En ese artículo, aunque hacía mención a conductas concretas en la profesión, que no son mayoritarias, sé que he molestado y ofendido a más de un compañero al que no iban dirigidas esas duras palabras. Aunque ya lo he hecho antes, ofrezco mis sinceras disculpas a quien se haya sentido ofendido por ello. También he dado las oportunas explicaciones y matizaciones al respecto.

En esa ocasión hablé del yang de la profesión, pero también os quiero hablar del ying. No es que el periodismo del motor tenga cosas positivas, es que es una profesión preciosa y privilegiada. No ganamos lo mismo que los controladores aéreos, los banqueros o los políticos, ¡pero nos lo pasamos mucho mejor que ellos! (y no jodemos a la gente)

Toyota GT 86

Con mucha frecuencia recibo correos de gente preguntándome qué hay que hacer o a dónde ir para dedicarse a esto. Al respecto, ya me he pronunciado, no hay una respuesta directa y sencilla y depende de múltiples factores. Mi contacto con el periodismo del motor se remonta a otoño de 2001, hace ya 11 años.

Por entonces yo acababa de cumplir la mayoría de edad, y empecé a trabajar con mi abuelo, que es un conocido periodista del motor. Empecé por el puesto más bajo del escalafón. Me ocupaba de las notas de prensa, de las fotografías (por entonces las mandaban aún en diapositivas y papel), de los vídeos de las marcas (muchos en VHS), etc. Becario en toda regla.

Así estuve durante varios años, me iba quedando con cada documento que me iba leyendo, gestionando la página Web, editando vídeos… y quedándome con la copla de lo que mi jefe me iba enseñando, que circunstancialmente, era pariente. Las cosas cambiaron cuando me saqué el carné de conducir, en la víspera de cumplir 21 años, dos días antes para ser más precisos.

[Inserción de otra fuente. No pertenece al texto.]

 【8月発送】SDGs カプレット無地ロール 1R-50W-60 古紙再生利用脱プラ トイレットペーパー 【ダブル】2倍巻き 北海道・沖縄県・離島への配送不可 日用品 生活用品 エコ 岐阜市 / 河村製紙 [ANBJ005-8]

Desde entonces mis tareas se ampliaron también a las pruebas de coches, y como yo estaba más verde que un pepino, recibí una instrucción adicional. De hecho, mi abuelo me “obligó” a superar un curso de conducción avanzada cuando aún estaba rodando con el coche de autoescuela. Perdí la cuenta del número de veces que esos conocimientos me han salvado el culo. Aprendí con mi abuelo muchísimas cosas.

Porsche Boxster S

En diciembre de 2004 tuve mi primera presentación de coches, fue una regional de Porsche en la que se presentaba la nueva gama Boxster y Boxster S, y allí conocí a esta preciosidad. Cuando trabajaba para PacoCostas.com lo cierto es que no iba a muchas presentaciones, casi las puedo enumerar todas de memoria. Por entonces era siempre “el niño”, ahora al estar cerca de la treintena no es tan cantoso.

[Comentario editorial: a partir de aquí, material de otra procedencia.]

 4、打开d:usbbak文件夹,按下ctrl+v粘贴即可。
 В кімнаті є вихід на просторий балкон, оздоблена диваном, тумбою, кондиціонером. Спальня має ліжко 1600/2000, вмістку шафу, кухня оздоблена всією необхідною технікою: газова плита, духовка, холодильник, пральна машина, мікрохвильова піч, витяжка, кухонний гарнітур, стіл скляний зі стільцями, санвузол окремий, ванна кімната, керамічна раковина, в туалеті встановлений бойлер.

Seguí trabajando con mi abuelo hasta marzo de 2007, cuando decidí tirarme a la piscina y empezar un nuevo camino. Aunque en mis apellidos no hay nada que me avergüence, ni por Costas, ni por Franco, creí que mi camino estaría mejor encauzado si demostraba mi valía por mi mismo, trabajando con otra gente, para no ser “el nieto de”, sino simplemente Javier Costas Franco. Tal cual.

Mi historia con Motorpasión empieza a ahí, aunque hasta finales de abril no salió mi primer artículo publicado allí. A día de hoy, ya llevo más de 3.800 artículos, en los que entra de todo: noticias, reportajes, pruebas, presentaciones, Historia, técnica, curiosidades, tetas Calendario Pirelli, etc. Y ahí sigo, pero ya con la responsabilidad de coordinador del medio en cuatro años.

Chevrolet Corvette C6

Fue a partir de primeros de 2008 cuando empezaron a llamarnos a presentaciones de forma digamos habitual, aunque no era al mismo ritmo de hoy. Por ejemplo, ahora es físicamente imposible que una sola persona se apunte a todas, ya nos han coincidido tres eventos el mismo día. Vamos a más, y hablo en plural.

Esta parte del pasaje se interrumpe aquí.